Ralph, let me see if understand what you wrote above. I'm getting confused because w.r.t. the amplifier you are using frequency & w.r.t. the power supply you are using timing constant. Freq & timing constant are reciprocals of each other.

So, what you are saying is that for motorboating to occur the time constant of the amplifier has to be higher ("If the amplifier has a -3 db point that is a frequency lower than...") than the time constant of the power supply. Correct?
So, basically, the bandwidth of the power supply should always be lower than the bandwidth of the power amp. Correct?

Class AB - there is not fixed "time constant" since discharge time depends on loudness/load. We could take discharge time at max volume and compare it to reciprocal of -3dB bottom frequency of the amplifier but it wouldn't make difference to me since I don't listen at full volume. We could argue that smaller modulation at lower volumes will be "proportional" to level of the signal but once we draw less than max current, power supply voltage modulation at low frequencies becomes compensated by amplifier (since it is regulated).

Class A - does not apply since amplifier draws the same current even at DC output.

I'm still working on some of this conversation, but could someone explain "time constant" to me? I'm assuming this is something like what it sounds, but I'm not sure.
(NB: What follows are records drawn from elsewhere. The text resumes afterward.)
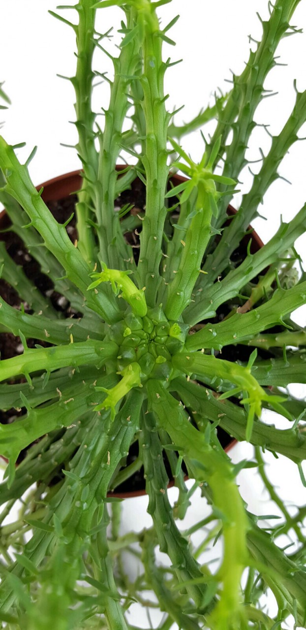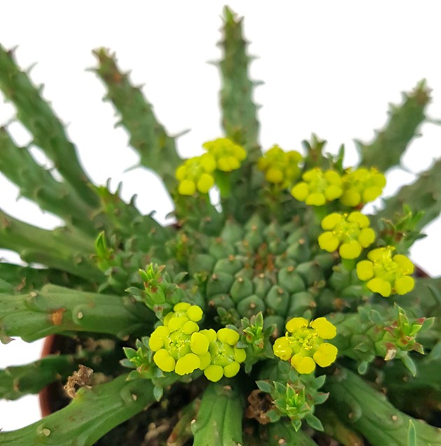 Wie viele kleinen Schlangen wachsen die vielen schmalen, grünen Triebe der Euphorbie aus der Mitte der Pflanze heraus. Dies brachte der sukkulenten Pflanze nebenbei den berühmten Namen Medusenhaupt ein. Die Euphorbia flanaganii stammt aus dem Kapland aus dem Süden Afrikas.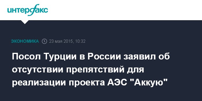 Москва. 23 мая. INTERFAX.RU - Анкара рассчитывает реализовать совместный с Россией проект по строительству АЭС "Аккую" в ближайшее время, а также продолжить сотрудничество для строительства новых атомных электростанций, заявил посол Турции в Москве Умит Ярдым в интервью агентству "Интерфакс".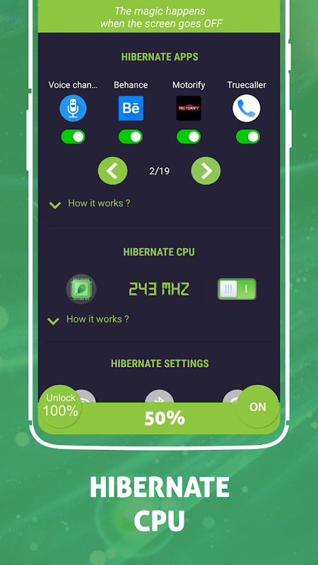 Hibernate boost up your device's battery health in a powerful & unique way. Unlike other battery saver and battery charger apps it does not interfere in your daily usage of your smartphone or tablet. Once you had opened Hibernate app and set it up to increase your device's battery life, you can practically forget about it. One of the best thing of Hibernate is that it only works when your phone in sleep mode.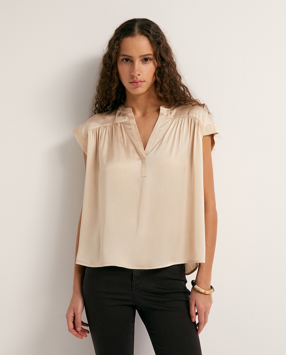 • Top en tejido satinado con manga corta y cuello pico con detalle de frunces

It sounds almost as if amplifier power supplies work like CPUs in the sense that they have clear cycles and clocks that designers must take into account to keep everything running. I don't know if the analogy holds, but it sounds similar to me.

I'm starting to realize just how much I DON'T know about power supplies. Wow. And I am the knowledgable one among my friends. Eeeeek!

Aewhistory, Time constant is amount of time it takes to bring voltage to 63.2% of desired value. For instance applying 10 volts to 1000uF capacitor thru 10ohm resistor will result in 6.32V on capacitor after time equal 10ohm x 1000uF = 10ms. Same would apply to discharging from 10V to 3.68V (10V-6.32V). This time is called time constant RC.

Instead of saying "Time necessary to charge capacitor" we say "time constant". It is shorter and more precise. In our case it just means amount of time to have significantly lower supply voltage (discharge supply capacitors) when playing very low frequencies very loud. We want this voltage steady since any variations might compromise amp's operation (output affected by supply voltage changes).
We are looking at small changes in supply voltage (not 63.2%) but using terms like "time constant" or "-3dB frequency" just to have some reference point. From that we can, if necessary, recalculate exact percentage changes at particular frequency.